“Governor Radcliff,” Jenks said to the man on the quite ordinary-looking donkey, “may I present the man who has made our arrival here, bearing this gloomy news, possible? There is no doubt that my ship and I, at least, would have been lost in the recent action without him, and had his people not previously rescued the Princess Rebecca, there would be no hope at all that she might yet live.”
Governor Radcliff slid the short distance to the ground from the burro’s back and peered intently at Captain Reddy. The feat didn’t require much in the way of physical exertion, but he managed it with a certain athletic grace inconsistent with his girth. He touched his immense graying mustache as if making sure every hair was in place. “Please do, Commodore. From our . . . abbreviated conversation, it would seem the Empire at large owes him and his people a great debt indeed.”
“Very well, then.” Jenks proceeded, bowing slightly and gesturing at Matt. “I present my excellent friend, Captain Matthew Reddy, High Chief of the American Clan, and Commander in Chief of all Allied Forces united beneath the Banner of the Trees.”

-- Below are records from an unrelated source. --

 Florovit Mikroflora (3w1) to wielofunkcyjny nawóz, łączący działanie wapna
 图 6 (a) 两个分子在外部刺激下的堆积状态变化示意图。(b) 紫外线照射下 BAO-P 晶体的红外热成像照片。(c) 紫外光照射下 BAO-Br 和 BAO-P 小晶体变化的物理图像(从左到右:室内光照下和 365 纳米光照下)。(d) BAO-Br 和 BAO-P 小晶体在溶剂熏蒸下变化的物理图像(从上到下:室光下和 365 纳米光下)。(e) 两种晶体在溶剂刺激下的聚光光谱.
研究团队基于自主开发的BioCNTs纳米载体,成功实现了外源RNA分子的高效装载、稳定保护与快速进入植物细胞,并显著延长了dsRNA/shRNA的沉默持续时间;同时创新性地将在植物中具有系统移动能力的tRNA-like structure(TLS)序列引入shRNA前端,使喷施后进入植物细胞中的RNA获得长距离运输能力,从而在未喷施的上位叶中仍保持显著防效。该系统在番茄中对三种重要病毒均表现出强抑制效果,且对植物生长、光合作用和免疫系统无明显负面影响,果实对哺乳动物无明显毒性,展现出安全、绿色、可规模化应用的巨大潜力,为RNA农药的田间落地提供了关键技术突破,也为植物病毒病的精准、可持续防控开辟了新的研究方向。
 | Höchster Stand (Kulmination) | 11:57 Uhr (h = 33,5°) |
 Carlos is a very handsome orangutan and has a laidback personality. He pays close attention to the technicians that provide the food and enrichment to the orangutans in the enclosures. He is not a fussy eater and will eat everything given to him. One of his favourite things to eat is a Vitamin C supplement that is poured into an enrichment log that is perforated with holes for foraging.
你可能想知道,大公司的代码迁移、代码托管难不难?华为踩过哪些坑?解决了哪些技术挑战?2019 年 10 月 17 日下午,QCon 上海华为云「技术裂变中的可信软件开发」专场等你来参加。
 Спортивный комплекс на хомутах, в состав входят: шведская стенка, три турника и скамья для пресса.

Matt glanced at Jenks. They’d considered numerous possibilities regarding how they’d be received here. Apparently, Jenks considered this Governor Radcliff an ally—for now. Matt saluted. “Captain Matthew Reddy, United States Navy ship Walker. I request permission to come ashore, sir.”
Radcliff looked at Jenks with a frown. “Well, what is he? A captain or a chief?”
“Both, Your Excellency. Ah, as I understand it, he prefers ‘captain’ while in direct command of his ship.”
“And he’s standing right in front of you . . . Governor.” Gray growled under his breath. He too was still holding a salute.
“Boats!” Matt ground out.
The governor of Respite chuckled and Jenks quickly whispered something in his ear. “Oh! Of course!” He sketched a salute and Matt and Gray dropped theirs. “Permission granted, certainly—not that we could deny it, if the good commodore has been remotely accurate in his description of your ship’s capabilities.” He turned to look at Chack and the other Marines. “And what have we here?” An expression of genuine wonder crossed his face.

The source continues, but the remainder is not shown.